Pacific Northwest braces for another multiday heat wave

By GILLIAN FLACCUS for the Associated Press

PORTLAND, Ore. (AP) — People in the Pacific Northwest braced for another major, multiday heat wave starting Wednesday, just over a month after record-shattering hot weather killed hundreds of the region’s most vulnerable when temperatures soared to 116 degrees Fahrenheit (47 Celsius).

In a “worst-case scenario,” the temperature could reach as high as 111 F (44 C) in some parts of western Oregon by Friday before a weekend cooldown, the National Weather Service in Portland, Oregon, warned this week. It’s more likely temperatures will rise above 100 F (38 C) for three consecutive days, peaking around 105 F (40.5 C) on Thursday.

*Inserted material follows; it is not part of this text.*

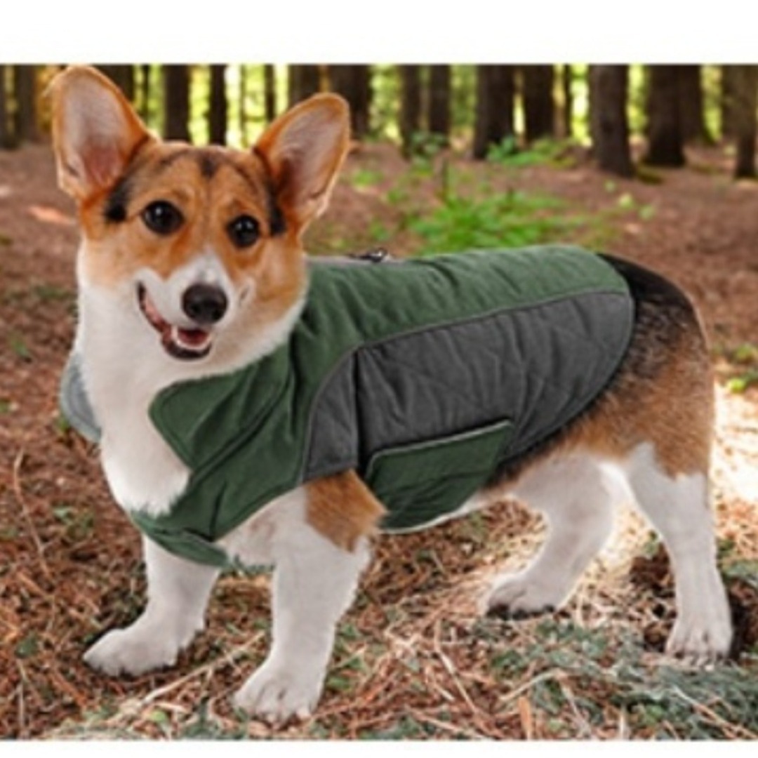 用途が広くスタイリッシュの三層犬服、片面は暖かく柔らかいスプライス生地で、もう片面は防水防風のポリエステル材料で、さまざまの天気によって着用の側面を選択します
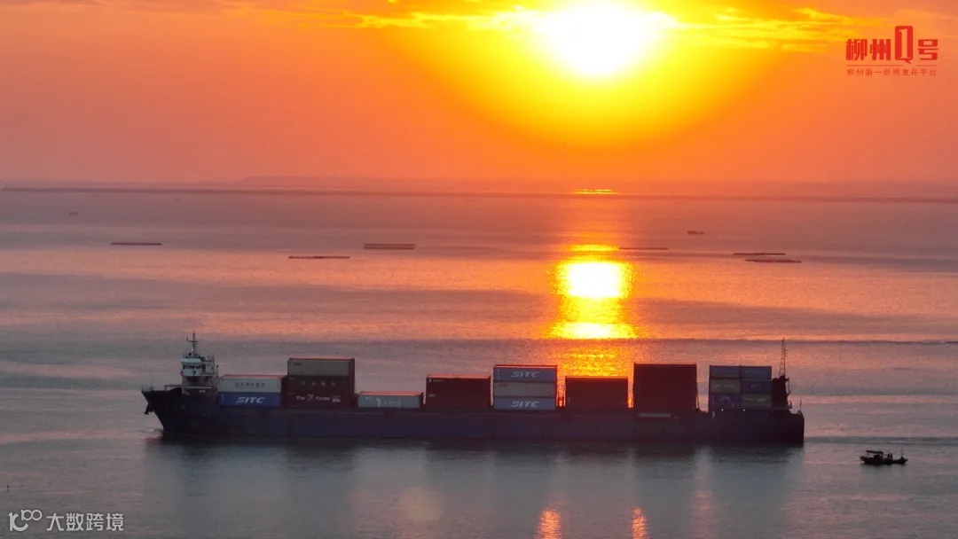 2024年12月16日,北部湾畔,霞光映红海面,一艘满载柳州货物的轮船从钦州港启航。(全媒体记者 黎寒池 摄)

FILE – In this June 30, 2021 file photo Missoulians cool off in the Bitterroot River as temperatures crested 100 degrees Fahrenheit in Missoula, Mont. The Pacific Northwest is bracing for another major, multi-day heat wave in mid-August 2021 just a month after temperatures soared as high as 116 F in a record-shattering heat event that killed scores of the most vulnerable across the region. (AP Photo/Tommy Martino, File)

Those are eye-popping numbers in a usually temperate region and would have come close to — or broken — all-time records if it weren’t for the late June heat wave, meteorologist Tyler Kranz said. Seattle will be cooler than Portland, with temperatures in the mid-90s, but it still has a chance to break records, and many people there, like in Oregon, don’t have air conditioning.

“We’ll often hear people say, ‘Who cares if it’s 106 or 108? It gets this hot in Arizona all the time.’ Well, people in Arizona have air conditioning, and here in the Pacific Northwest, a lot of people don’t,” Kranz said. “You can’t really compare us to the desert Southwest.”

Gov. Kate Brown has declared a state of emergency over the heat and activated an emergency operations center, citing the potential for disruptions to the power grid and transportation. City and county governments are opening cooling centers and misting stations in public buildings, extending the hours of public libraries and waiving bus fare for those headed to cooling centers. A statewide help line will direct callers to the nearest cooling shelter and offer tips on how to stay safe.

The back-to-back heat waves, coupled with a summer that’s been exceptionally warm and dry overall, are pummeling a region where summer highs usually drift into the 70s or 80s. The heat comes amid a historic drought across the American West, both of which are tied to climate change.

The June heat in Oregon, Washington and British Columbia killed hundreds of people and was a wake-up call as climate change makes weather more extreme in the historically temperate region. The heat wave was virtually impossible without human-caused climate change, a scientific analysis found.

In Oregon, officials say at least 83 people died of heat-related illness, and the hot weather is being investigated as a possible cause in 33 more deaths. Washington state reported at least 91 heat deaths, and officials in British Columbia say hundreds of “sudden and unexpected deaths” were likely due to the soaring temperatures.

The toll exposed huge blind spots in emergency planning in a region unaccustomed to dealing with such high temperatures, said Vivek Shandas, a professor of climate adaptation at Portland State University.

Most of those who died in Oregon were older, homebound and socially isolated, and many were unable, or unwilling, to get to cooling centers.

The call center designed to provide information about cooling centers was unstaffed during part of the peak heat, and hundreds of callers got stuck in a voicemail menu that didn’t include a prompt for heat-related help. Portland’s famed light-rail train also shut down to reduce strain on the power grid, eliminating a transportation option for low-income residents seeking relief.

“We knew a week in advance. What would happen if we knew an earthquake was going to hit us a week in advance?” Shandas said. “That’s the kind of thinking we need to be aligned with. We know something disastrous is coming, and we need to get all hands on deck and focus on the most vulnerable.”

Yet even younger residents struggled with the heat in June and dreaded this week’s sweltering temperatures.

Katherine Morgan, 27, has no air conditioning in her third-floor apartment and can’t afford a window unit on the money she makes working at a bookstore and as a hostess at a brewery.

She estimated that it hit 112 F (44 C) in her apartment in June. She tried to keep cool by taking cold showers, dousing her hair with water, eating Popsicles and sitting immobile in front of a fan for hours.

Morgan, who doesn’t have a car, got ill from the heat after walking 20 minutes to work when it was 106 F (41 C). She took the following two days off rather than risk it again. The heat from the sidewalk, she said, felt like it was “cooking my ankles.”

This week, she’ll have to walk to work Thursday, the day when temperatures could again soar just as high.

“All my friends and I knew that climate change was real, but it’s getting really scary because it was gradually getting hot — and it suddenly got really hot, really fast,” Morgan said. “It’s eye-opening.”